Ecco il fermione di Majorana

Per trovare il bosone di Higgs ci sono voluti oltre quarant’anni. Ma il fermione di Majorana ha saputo essere ancora più invisibile. La bizzarra particella teorizzata dal geniale (e sfortunato) fisico catanese è rimasta nascosta per la bellezza di settantasette anni. Ci sono voluti gli sforzi di un’équipe di scienziati di Princeton e della University of Texas-Austin e un microscopio alto quanto un palazzo di due piani per scovarla. Ma, alla fine, come raccontano i ricercatori su Science, la grande impresa è riuscita. Ali Yazdani è riuscito, assieme ai suoi collaboratori, a individuare il fermione di Majorana alle estremità di un sottilissimo filo di ferro superconduttore. Proprio come e dove si prevedeva che fosse.

La ricerca della particella era iniziata nel 1937, quando Ettore Majorana predisse l’esistenza di un fermione (la classe di particelle con spin semi-intero) che fosse contemporaneamente materia e antimateria. Che vuol dire? Nei primi anni di sviluppo della teoria quantistica, i fisici si resero conto che le equazioni che avevano messo a punto per descrivere i fenomeni su scala microscopica implicavano l’esistenza di una controparte – l’antimateria, per l’appunto – per ogni particella nota. All’elettrone, per esempio, doveva corrispondere un antielettrone (poi chiamato positrone) di massa uguale e carica opposta. Molte di queste particelle, poi, sono state effettivamente osservate; ma il fermione di Majorana, di carica neutra – e che per questo coincide con la propria antiparticella – mancava ancora all’appello. Almeno fino a oggi.
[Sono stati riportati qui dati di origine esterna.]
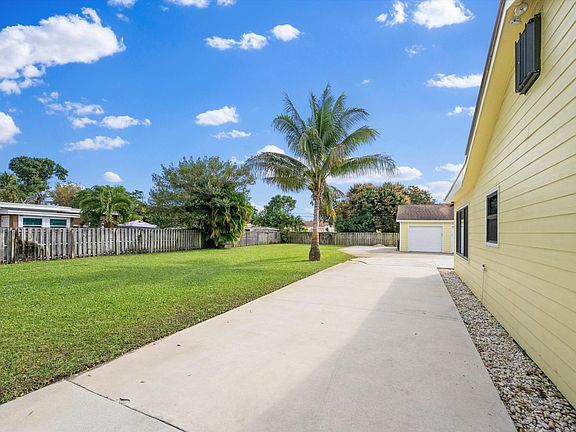 This 3/1 is on a double lot, fully fenced with 2.5 car detached garage. Kitchen has been updated with granite and appliances, tile throughout, impact windows and garage door. Spacious bathroom recently updated with double vanity. This home has a metal roof installed 10/2024. Solar system has been installed. Electric bill is approximately $148/month. Solar is transferrable to the new owner. Great location, very quiet neighborhood and close to schools, dining and shopping. Minutes to i95 and the beach.

Già nel 2001, il fisico Alexei Kitaev, attualmente in forza alla University of California-Santa Barbara, aveva predetto che, sotto certe condizioni, un fermione di Majorana sarebbe apparso alle estremità di un filo superconduttore (la supercondutttività è il fenomeno per cui un materiale conduce corrente senza alcuna resistenza). Nella previsione di Kitaev, un determinato tipo di superconduttività avrebbe indotto la formazione di fermioni di Majorana che non si sarebbero annichiliti l’uno con l’altro, a patto che il filo superconduttore non fosse stato troppo corto. Nel 2012 un’équipe di ricercatori della Delft University cercò di dimostrare la congettura di Kitaev, inducendo la superconduttività in un semiconduttore a base di antimoniuro di indio. Gli scienziati videro, in effetti, un segnale elettrico caratteristico di una particella neutra alle estremità dei fili – indice della possibile presenza di due Majorana – ma non bastò. Perché, rispose la comunità scientifica, anche altri fenomeni avrebbero potuto dare lo stesso tipo di segnale. 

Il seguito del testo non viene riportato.